Entries taken from a collection:
+ + +
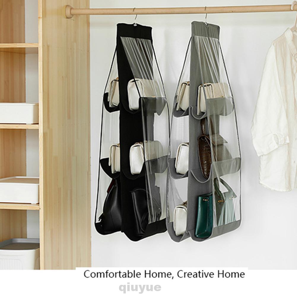 8 Pocket Hanging Handbag Organizer For Wardrobe Closet Transparent
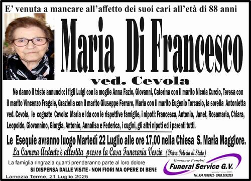 Le Esequie avranno luogo domani martedì 22 Luglio nella chieda di S. Maria Maggiore alle ore 17.00
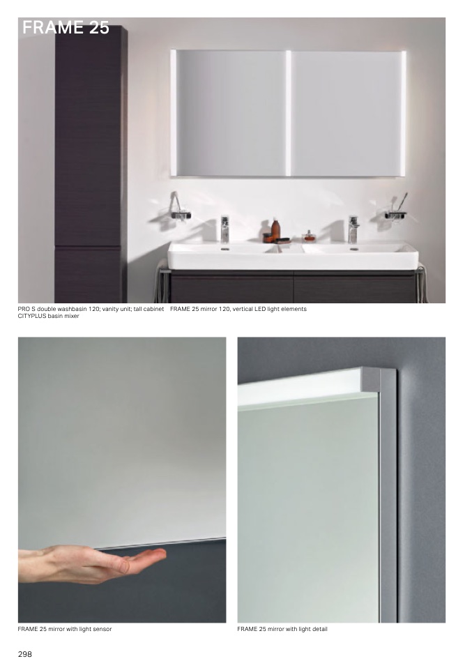 RO S double washbasin 120 vanity unit tall cabinet FRAME 25 mirror 120, vertical LED light elements
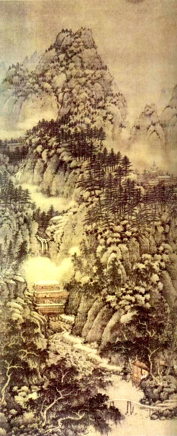 说到巨然,不仅想到三国嵇康写给朋友山涛(字巨源)的一封信,名之曰《与山巨源绝交书》,赵孟頫和王铎都曾入书。巨然和巨源极易混淆。巨然是历史中有记载的第一个僧人大画家。《秋山问道图》为其传世名作之一,主峰居中,显示出五代宋初的典型构图法。前人谓巨然山水,善写烟岚气象,“于峰峦岭窦之外,至林麓之间,犹作卵石、松柏、疏筠、蔓草之类,相与映发,而幽溪细路、屈曲萦带、竹篱茅舍、断桥危栈,真若山间景趣也”。画中之山,乃典型的江南丘陵,土复石隐,圆浑厚实。山顶多“矾头”,坡石用长、短披麻皴描绘,不求奇峭而显得平和凝重。山体用淡墨烘染,于山石之凹处以浓墨、焦墨点苔,以显现江南山水之湿润郁秀、生机流荡。笔性温和,不装巧趣。这就是巨然创造出来的用以描绘“淡墨轻岚”的江南山水的一整套“皴、擦、点、染”的技法。身在山林,穿梭于其间,“行走”、“云游”加上“问道”,“只在此山中”,不过问世事,何等逍遥!
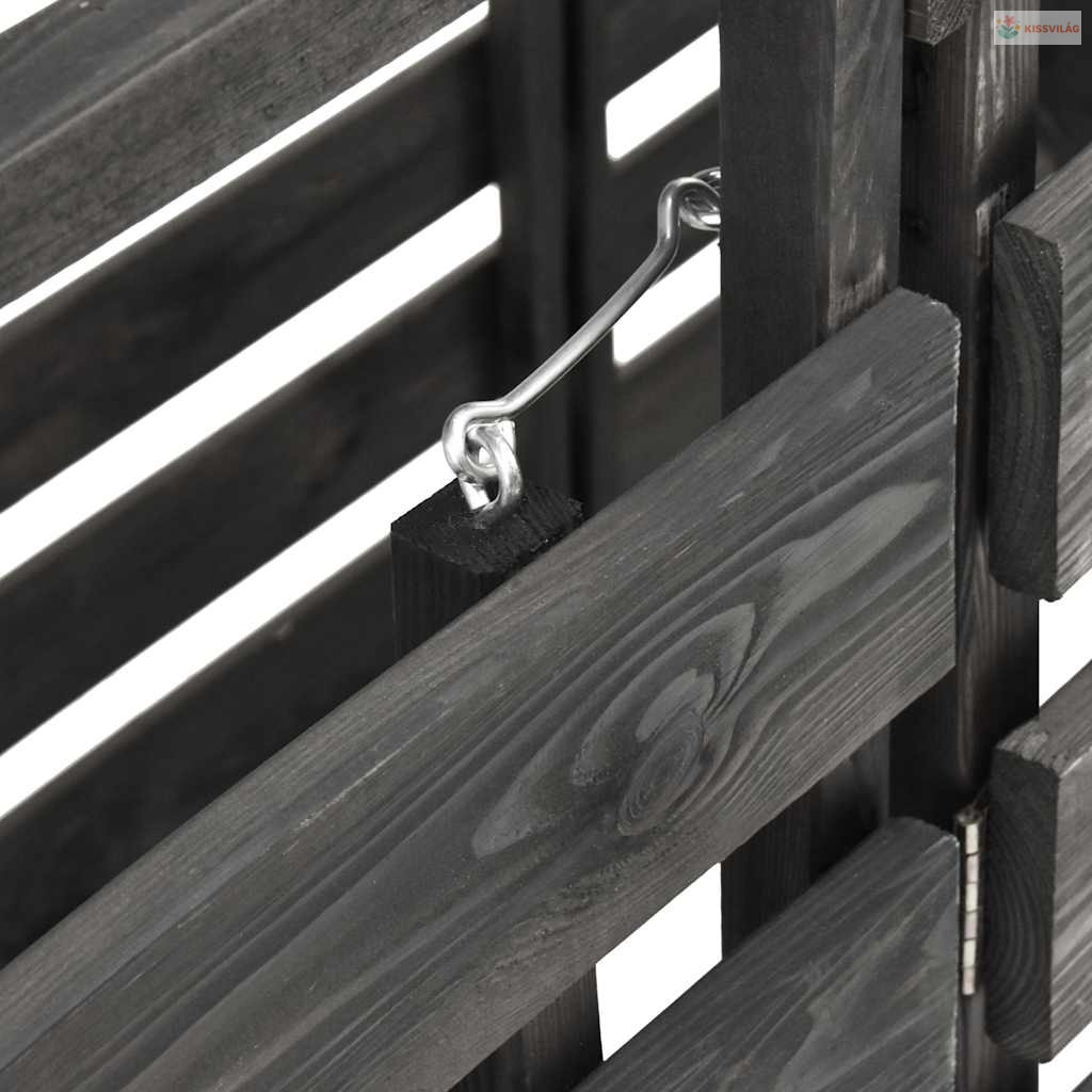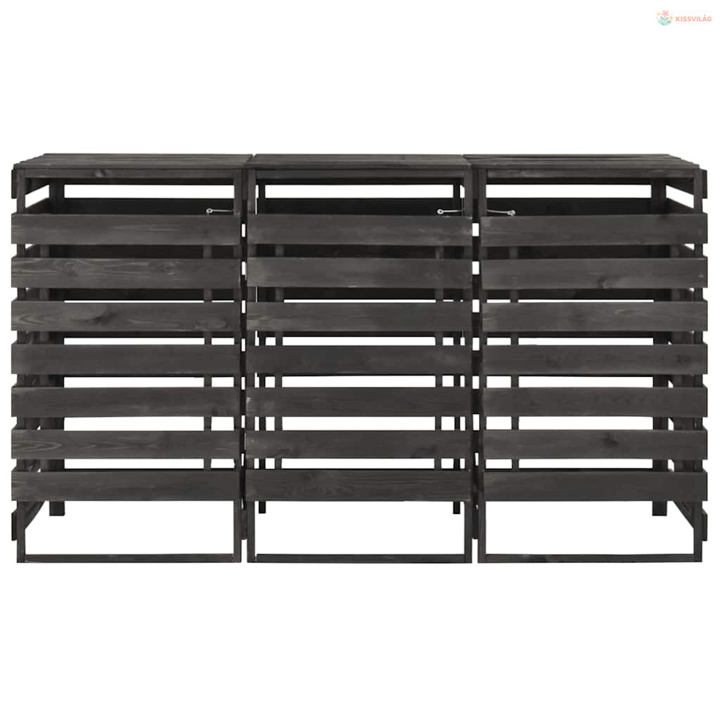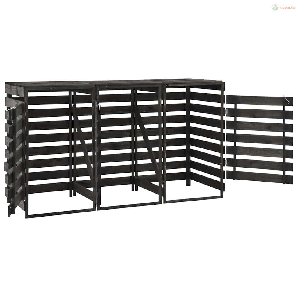 A tárolónak felnyitható fedelei vannak, így a szemét kidobásakor könnyen hozzá lehet férni a kukákhoz. Az elején található három külön nyitható ajtón keresztül a kukákat könnyű kivenni és kiüríteni. Az ajtók biztonságos zárhatósága érdekében az elülső részükön zárakkal vannak ellátva. A festett tömör fenyőfából készült kerekeskuka-tároló nagyon masszív, tartós és rothadásálló. A tárolóba 3 darab 240 literes kuka fér, és tökéletesen fog illeni a kertjébe.
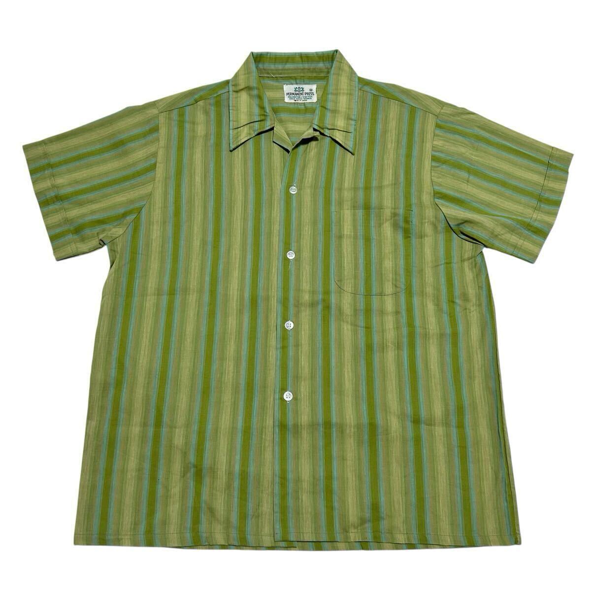 > 60s 70s オンブレ ストライプ 半袖 シャツ ボックス 日本製 M / ビンテージ ロカビリー シャドー 50s チェック BOX shirt vintage アロハ
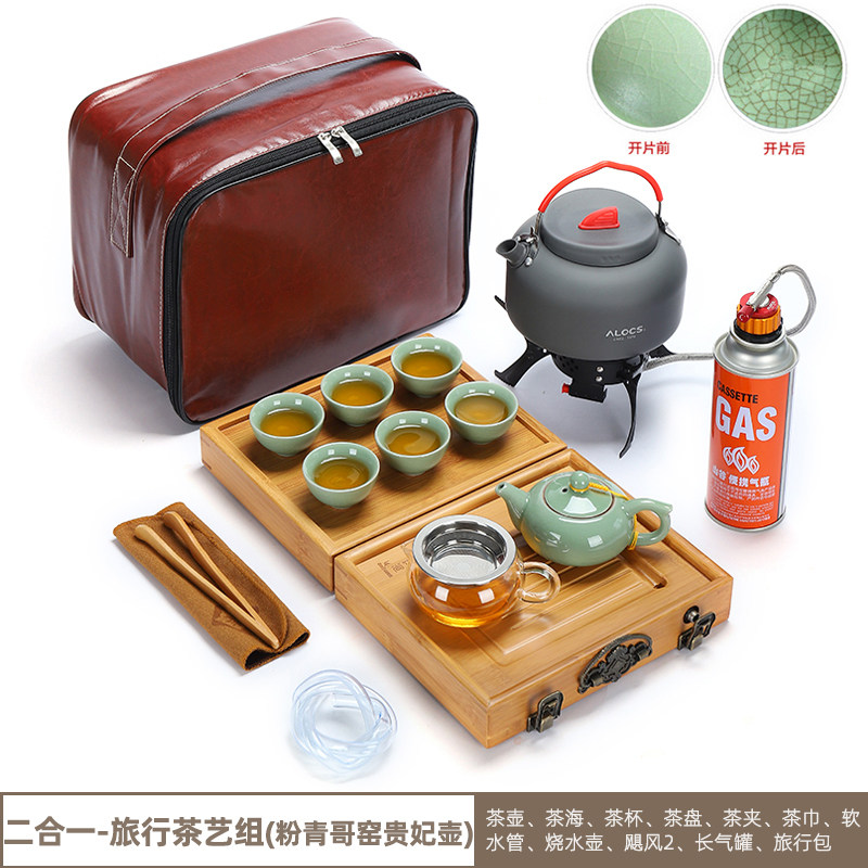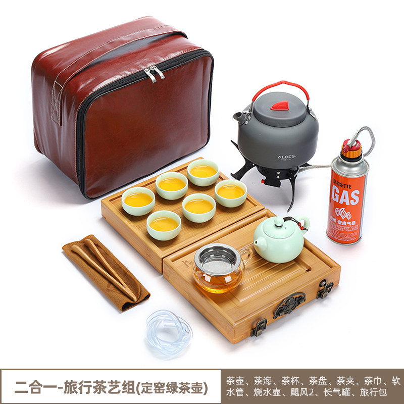 Outdoor tea set with kettle tea stove camping portable bag car travel kung fu tea tray windproof stove
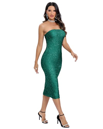 Capuffy Women Strapless Sequin Fantasy Midi Dress Sleeveless Tube Bodycon Club Dress Sparkly Glitter Cocktail Party Dress 77 5
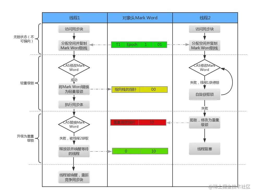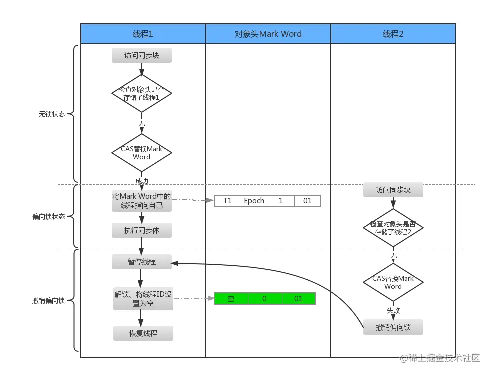 当一个线程访问同步块并获取锁时,会在对象头和栈帧中的锁记录里存储锁偏向的线程 ID,以后该线程在进入和退出同步块时不需要进行 CAS 操作来加锁和解锁,只需测试一下对象头的 Mark Word 是否存储着指向当前线程的偏向锁。如果测试成功,表示线程已经获得锁,否则再测试一下 Mark Work 中偏向锁的标识是否设置成 1(表示当前是偏向锁),如果没有设置,使用 CAS 竞争锁,否则尝试使用 CAS 将对象头的偏向锁指向当前线程
+ + +
● HOW TO COMPLETE THIS TASK
Write out exactly the lines above, from the very first through the line containing "RO S double", both kept, with the pictures removed.

● SOLVED EXERCISE
 8 Pocket Hanging Handbag Organizer For Wardrobe Closet Transparent
 Le Esequie avranno luogo domani martedì 22 Luglio nella chieda di S. Maria Maggiore alle ore 17.00
 RO S double washbasin 120 vanity unit tall cabinet FRAME 25 mirror 120, vertical LED light elements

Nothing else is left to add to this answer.